Exercise aim:
Every record, apart from its pictures, should be repeated exactly.

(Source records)
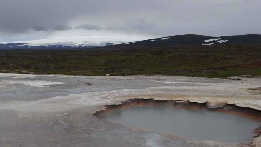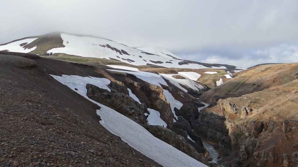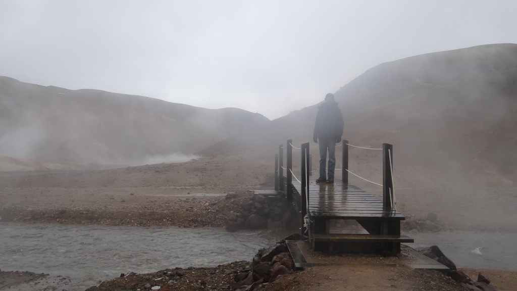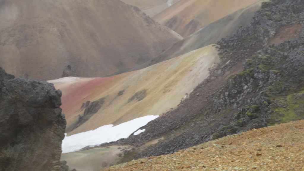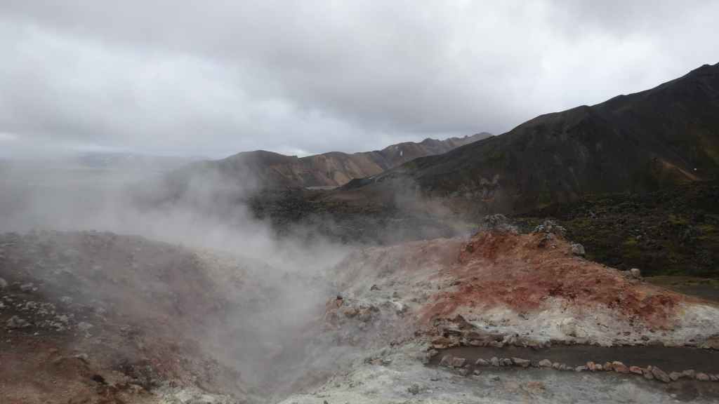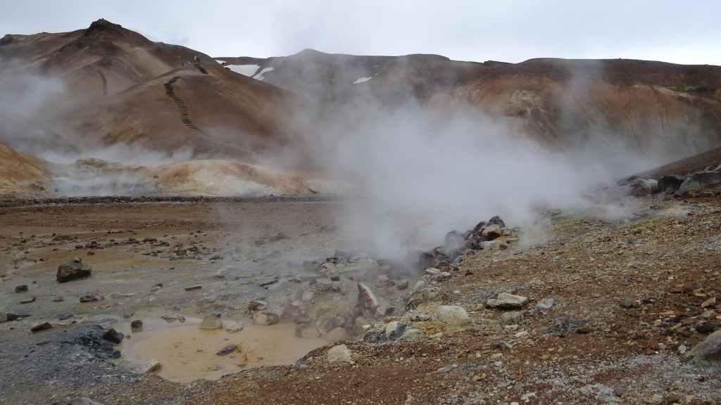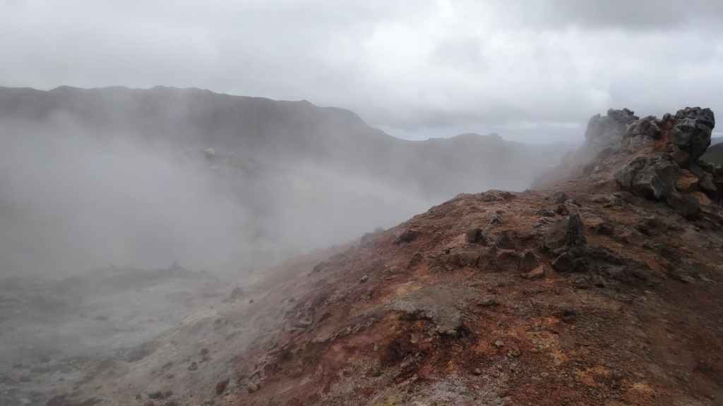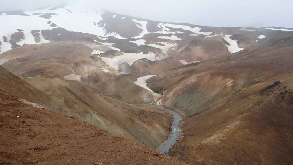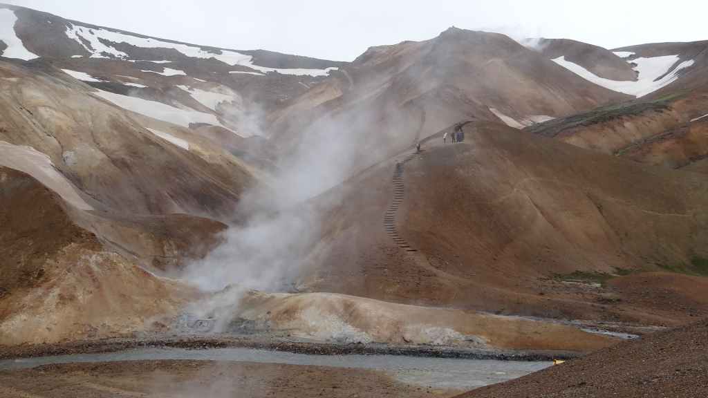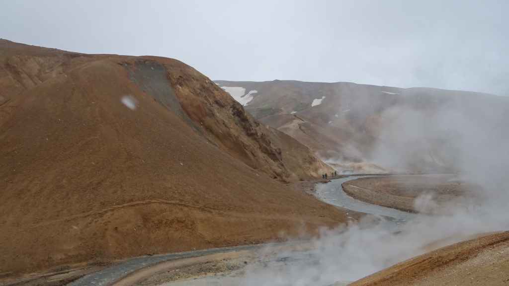 A l’approche du site, la pluie se met à tomber. Les odeurs de soufre se font plus précises. Nous descendons au fond, vers la rivière, au milieu des couleurs allant du jaune à l’ocre et du rouge au vert sans oublier le noir. En reprenant le chemin du retour, 2 averses de neige nous rappellent que l’on peut trouver l’hiver en plein été en Islande.
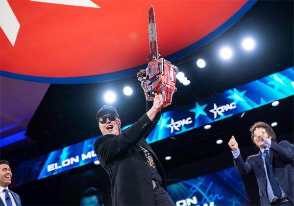 2025年2月20日,2025年保守派政治行动会议在美国马里兰州召开。会上,阿根廷总统米莱(右)向马斯克赠送了一把电锯,以示对其大刀阔斧推动美国行政体系改革的支持。图为马斯克高高举起这把电锯,接受与会支持者们的欢呼。
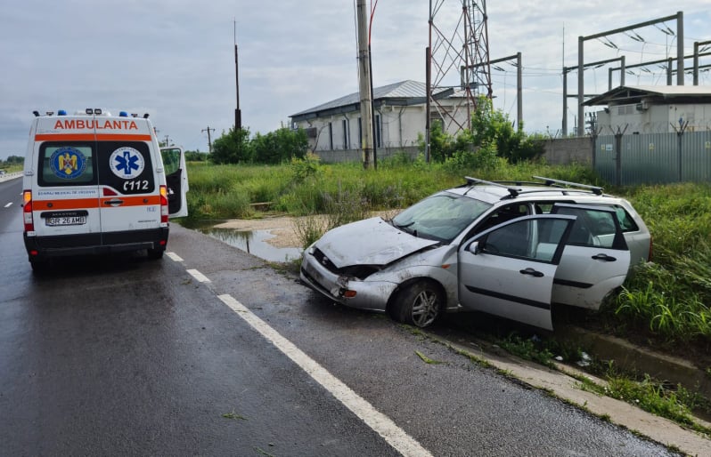 O şoferiţă a ieşit cu maşina „în decor” pe DN 5, la Uzunu! (FOTO)
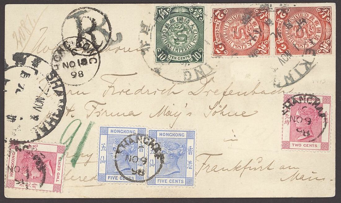 1898 (1 Nov.) hand painted postcard registered to Germany bearing C.I.P. 2c. pair and 10c., tied by Peking Dollar Chop c.d.s. used with Hong Kong 2c. carmine (2) and 5c. blue (2) cancelled by Shanghai c.d.s. (9.11) alongside transit Shanghai Dollar Chop (7.11) and Hong Kong c.d.s (18.11), fine and desirable.
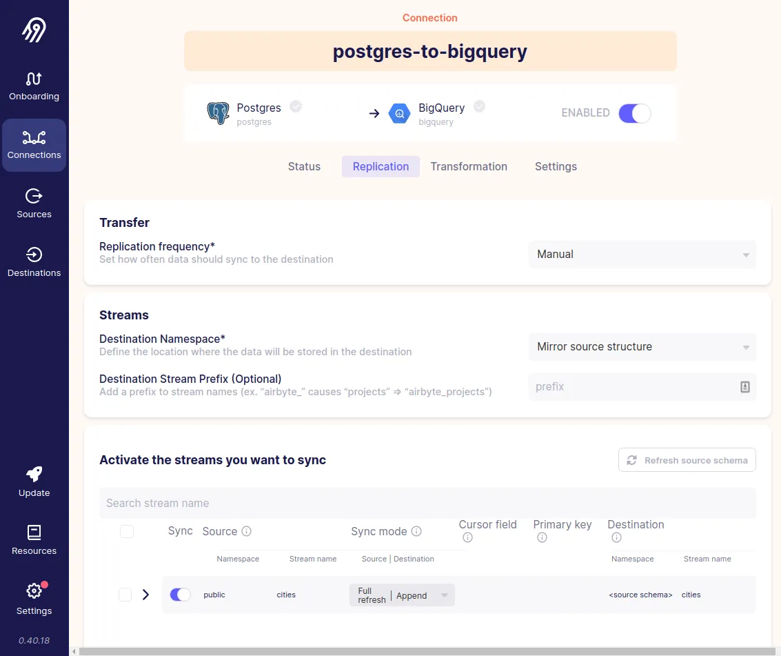 Since we announced the Octavia CLI in April this year, weβve added support for extra features and have seen hundreds of open-source Airbyte users use it successfully in production. In this tutorial, you will learn how to use Octavia CLI to configure Airbyte resources to move data between Postgres and BigQuery. More precisely, you will learn how to:

Solved exercise:
 A l’approche du site, la pluie se met à tomber. Les odeurs de soufre se font plus précises. Nous descendons au fond, vers la rivière, au milieu des couleurs allant du jaune à l’ocre et du rouge au vert sans oublier le noir. En reprenant le chemin du retour, 2 averses de neige nous rappellent que l’on peut trouver l’hiver en plein été en Islande.
 2025年2月20日,2025年保守派政治行动会议在美国马里兰州召开。会上,阿根廷总统米莱(右)向马斯克赠送了一把电锯,以示对其大刀阔斧推动美国行政体系改革的支持。图为马斯克高高举起这把电锯,接受与会支持者们的欢呼。
 O şoferiţă a ieşit cu maşina „în decor” pe DN 5, la Uzunu! (FOTO)
 1898 (1 Nov.) hand painted postcard registered to Germany bearing C.I.P. 2c. pair and 10c., tied by Peking Dollar Chop c.d.s. used with Hong Kong 2c. carmine (2) and 5c. blue (2) cancelled by Shanghai c.d.s. (9.11) alongside transit Shanghai Dollar Chop (7.11) and Hong Kong c.d.s (18.11), fine and desirable.
 Since we announced the Octavia CLI in April this year, weβve added support for extra features and have seen hundreds of open-source Airbyte users use it successfully in production. In this tutorial, you will learn how to use Octavia CLI to configure Airbyte resources to move data between Postgres and BigQuery. More precisely, you will learn how to:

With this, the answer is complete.